All indications are that the Democrats will underperform in the House this November. (They only have a majority of two right now - oh, how Chuck Schumer is jealous.) Assume the Democrats lose the House, but hold on to a thin Senate majority. What is or should be their plan for the next two years of divided government?
Presumably President Biden has already done everything at his discretion to advance his policy priorities. Will the Democrats stoop to the Republicans’ level - drop virtually everything from their platform and compromise on judicial and executive appointments? Will Biden & Cabinet start throwing everything they have - legally dubious or not - at the wall, hoping something sticks? Or has everything with a chance already been thrown? Will we be looking at a repeat of the Trump years, in terms of effective governance?
How can the Democrats survive two years of gridlock? Or will they simply consign themselves to another defeat in 2024? I mean, most of the rank and file that survive the midterms will be ultimately “safe”. Maybe there will be no plan, as in so many years prior, only whining and inaction. Maybe there can be no plan.
I’m not sure what you mean by this – if Democrats continue to hold a majority in the Senate, they don’t need to compromise on appointments.
Reagan, Clinton and Obama all went on to be comfortably reelected two years after suffering massive defeats in their first midterm. I assume the Democrat’s plan will be to paint the Republican House as a den of reckless, wild-eyed nutjobs who cannot be trusted with governance. I don’t imagine it will be too difficult.
You ever think about how dystopian it is that our elected officials have to continually beg us for money, and barring that, get big donations from corporations and plutocrats? What a profoundly broken system this is that money plays such a large role in who gets elected (and of course, the amount of money that gets quietly pocketed in the process).

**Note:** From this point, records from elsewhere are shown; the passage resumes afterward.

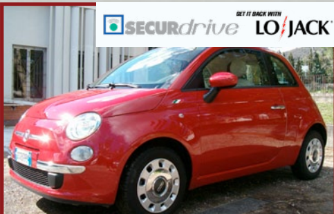
Valore Autoveicolo: € 14.500

La società di noleggio spagnola, dopo la mancata consegna dell'auto entro i termini previsti e dopo essere venuta a conoscenza dell'ulteriore "sub noleggio" della Maserati, ha denunciato il furto della vettura il 18 febbraio avvisando nel contempo la sede LoJack spagnola per attivare il Sistema di Recupero LoJack. Trattandosi di una supercar e a fronte di una probabile appropriazione indebita della vettura, la sede spagnola LoJack ha attivato il Network di Recupero Europeo per il recupero della Maserati. Fortunatamente il segnale in Radiofrequenza non si è fatto attendere ed è stato captato in Italia, nei pressi di Reggio Emilia. Grazie al segnale emesso dal sensore LoJack nascosto all'interno della Maserati è stato possibile seguire gli spostamenti dell'auto sino a Sant'Ilario d'Enza (RE), dove la Maserati è stata ritrovata parcheggiata di fronte ad un hotel. Sono state due pattuglie dei Carabinieri ad intervenire sul posto prelevando, nel cuore della notte, il malvivente che era stato visto alla guida della Maserati in compagnia della donna rumena mentre dormivano in una stanza dell'hotel. La sfortunata coppia è stata accompagnata in Caserma e dopo aver verificato le loro generalità, sono stati entrambi denunciati per ricettazione.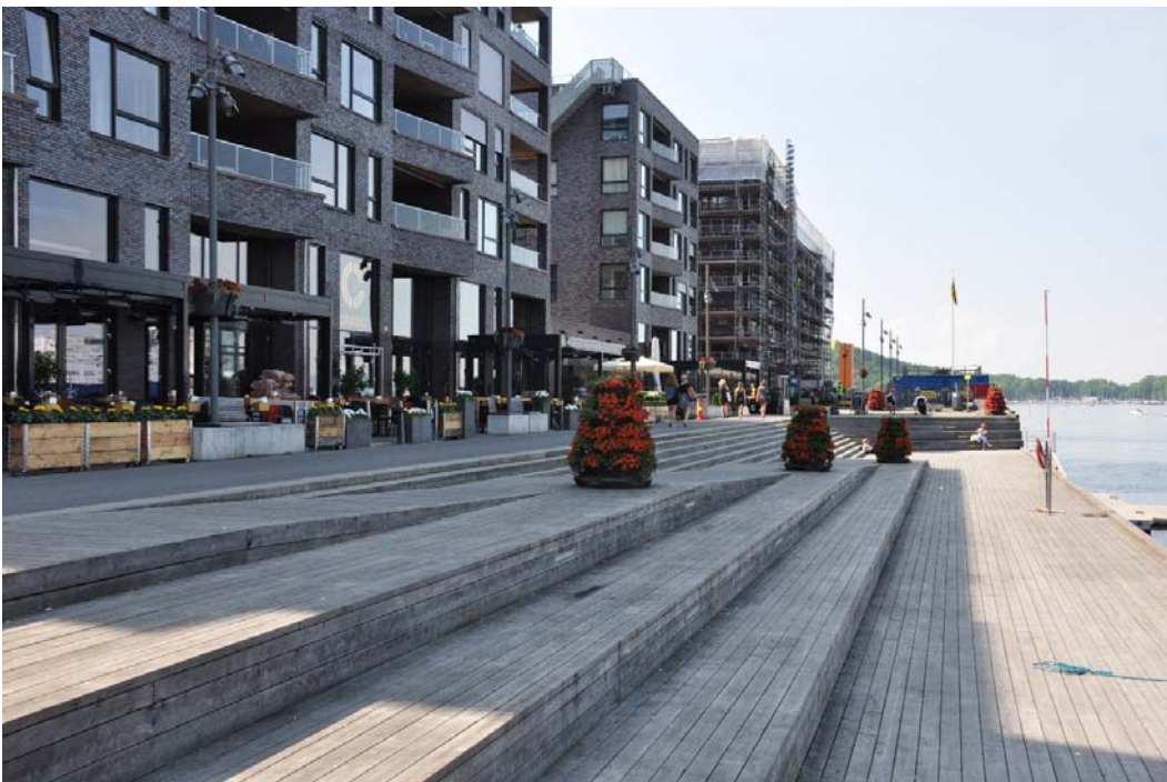
Fig. 5. Social integration due to combination of living spaces with the landscape elements (waterfront) in Oslo (Norway).

Ryc. 4. Elementy otwartego krajobrazu we wnętrzu osiedlowym w Oslo (Norwegia).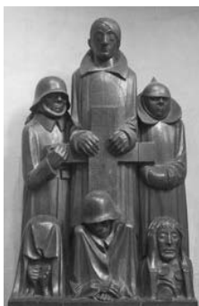
Magdeburger Ehrenmal, do expressionista alemão Paul Gauguin, 1929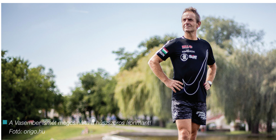
A Vasember ismét megcsinálta a hússzoros Ironmant!

KM KERÉKPÁROZÁSBÓL ÉS 844 KM FUTÁSBÓL ÁLLÓ HÚSSZOROS IRONMANT.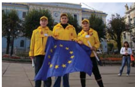
Волонтери на святкуванні Дня міста в Чернівцях під час проведення Фестивалю добросусідства Україна-Румунія, жовтень 2008 року

Запланований бюджет програм в рамках ЄІСП на 2007-2010 роки становить понад 490 мільйонів євро. Бюджет 2007 року склав 120 мільйонів євро. Цю суму було збільшено на 22 мільйони євро завдяки Механізму сприяння реформам управління, яку було виділено для Енергетичного компоненту програм 2007 року. Бюджет на 2008 рік склав 122 мільйони євро та 16,6 мільйонів євро в рамках Механізму сприяння реформам управління.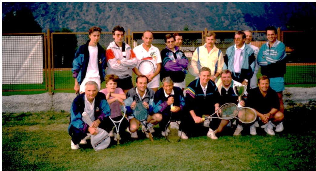
Ausflug Würselen 1991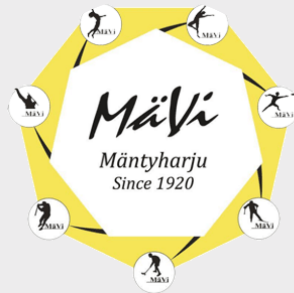
Mäntyhärjun Virkistys ry. Finland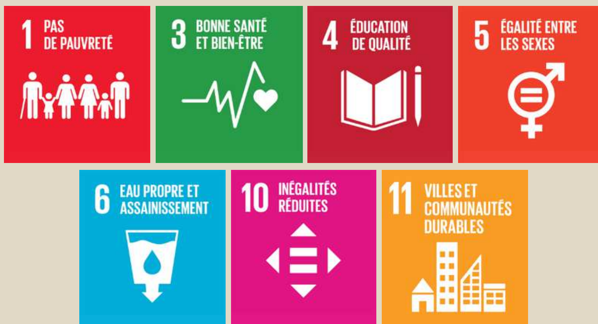
Objectifs de Développement Durable fixés par l'ONU en 2015.

En répondant aux besoins éducatifs pressants de la communauté de Rapcha-Basa, notre initiative s'aligne sur plusieurs Objectifs de Développement Durable (ODD) de l'ONU. Les principaux impacts du projet incluent une amélioration durable et digne du quotidien des 3500 habitants de Rapcha-Basa, tout en préservant l'environnement qui les entoure. En offrant une infrastructure éducative solide, nous participons activement à la santé et au bien être de la population ainsi qu'à l'assurance d'une éducation de qualité pour tous.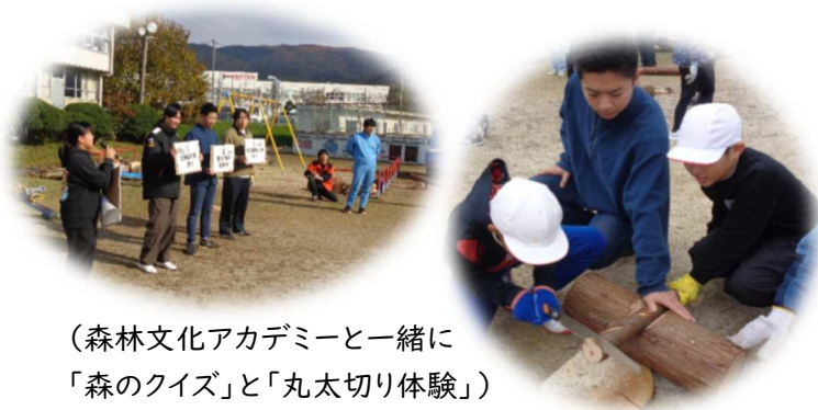
(森林文化アカデミーと一緒に「森のクイズ」と「丸太切り体験」)

意外と身近にあふれている「森の恵み」について楽しみながら学んでもらうことができました。

Anyway, the plan will be to beg for money because that’s the only hope of winning in 2024.
I was thinking Republicans might ask the President to appoint a more conservative person as a concession when negotiating something entirely unrelated. Maybe that’s too far.

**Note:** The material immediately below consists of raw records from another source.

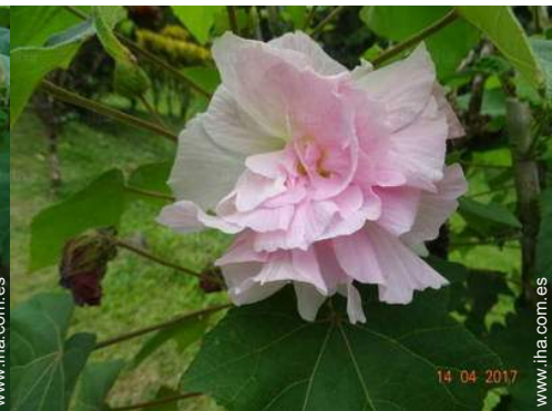
vista desde la terracea cubierta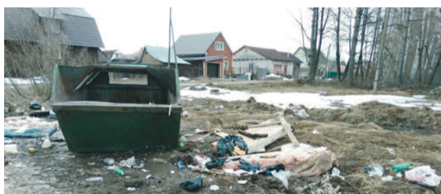
Контейнерные площадки в Январском выглядят очень неопрятно, но, во всяком случае, они теперь есть

В феврале-марте этого года жители частных домов стали получать квитанции на оплату услуг по вывозу ТКО. Не стали исключением и жители микрорайона Январский Орджоникидзевского района Перми. Сумма вроде небольшая — 71 руб. «с копейками» с домовладельца. Но недоумение жителей вызвал тот факт, что на тот момент они ни сном ни духом не знали о том, что им оказывается такая «услуга». Специальных контейнеров никто не видел в глаза, об их расположении не было никакой информации. Не со-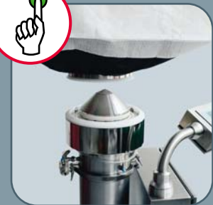
Automatisches Anschließen des SoliBags® auf Knopfdruck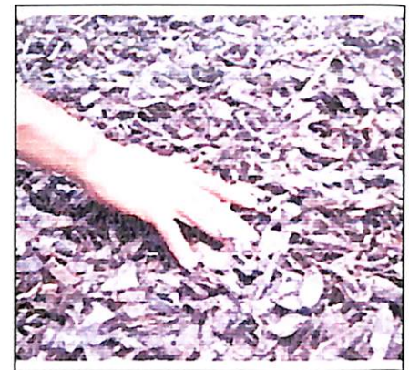
Gambar 15. Pada penjemuran harus dibolak balik agar pengeringan merata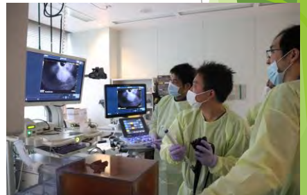
ハンズオンセミナー時の様子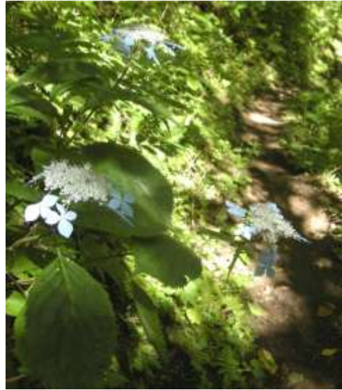
散策路に咲くエゾアジサイ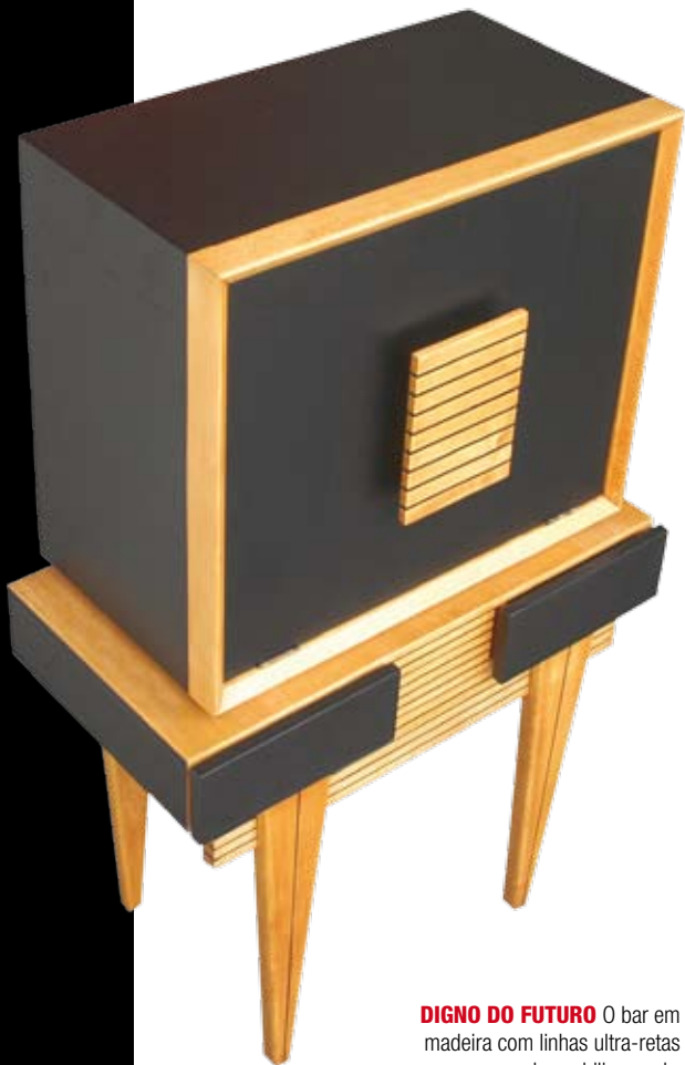
DIGNO DO FUTURO O bar em madeira com linhas ultra-retas www.desmobilia.com.br

All three of these presidents lost control of Congress in their first term and never got it back. That has to put a damper on any political agenda. Clinton and Obama were succeeded by Republican presidents too. Reagan never had the House to begin with, and his party kept the presidency, but pre-Gingrich Republicans belong to a different era.

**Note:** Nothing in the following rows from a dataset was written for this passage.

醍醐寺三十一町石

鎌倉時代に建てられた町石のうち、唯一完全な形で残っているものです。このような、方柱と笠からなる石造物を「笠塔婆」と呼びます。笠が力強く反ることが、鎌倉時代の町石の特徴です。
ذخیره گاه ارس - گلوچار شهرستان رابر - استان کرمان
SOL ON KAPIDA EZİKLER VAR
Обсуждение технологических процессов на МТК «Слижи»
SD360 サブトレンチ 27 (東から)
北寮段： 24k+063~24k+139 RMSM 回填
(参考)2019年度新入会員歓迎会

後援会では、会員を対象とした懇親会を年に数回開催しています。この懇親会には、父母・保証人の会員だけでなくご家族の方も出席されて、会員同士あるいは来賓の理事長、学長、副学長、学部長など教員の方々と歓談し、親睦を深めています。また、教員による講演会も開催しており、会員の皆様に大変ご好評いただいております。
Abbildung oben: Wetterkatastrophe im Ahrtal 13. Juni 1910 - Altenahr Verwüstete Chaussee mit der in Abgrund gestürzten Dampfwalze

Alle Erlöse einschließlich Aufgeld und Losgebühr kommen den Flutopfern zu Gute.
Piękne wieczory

Clinton had massively more money than Trump. Currently the Democrats don’t have a fund-raising deficit compared to Republicans.
OP: all you need to do is to look at the Obama administration after he lost the Democratic majority. Basically, it will be a status quo administration. Biden will try to do things by changing regulations (particularly in the climate area). I expect many of these will be overturned by the Supreme Court.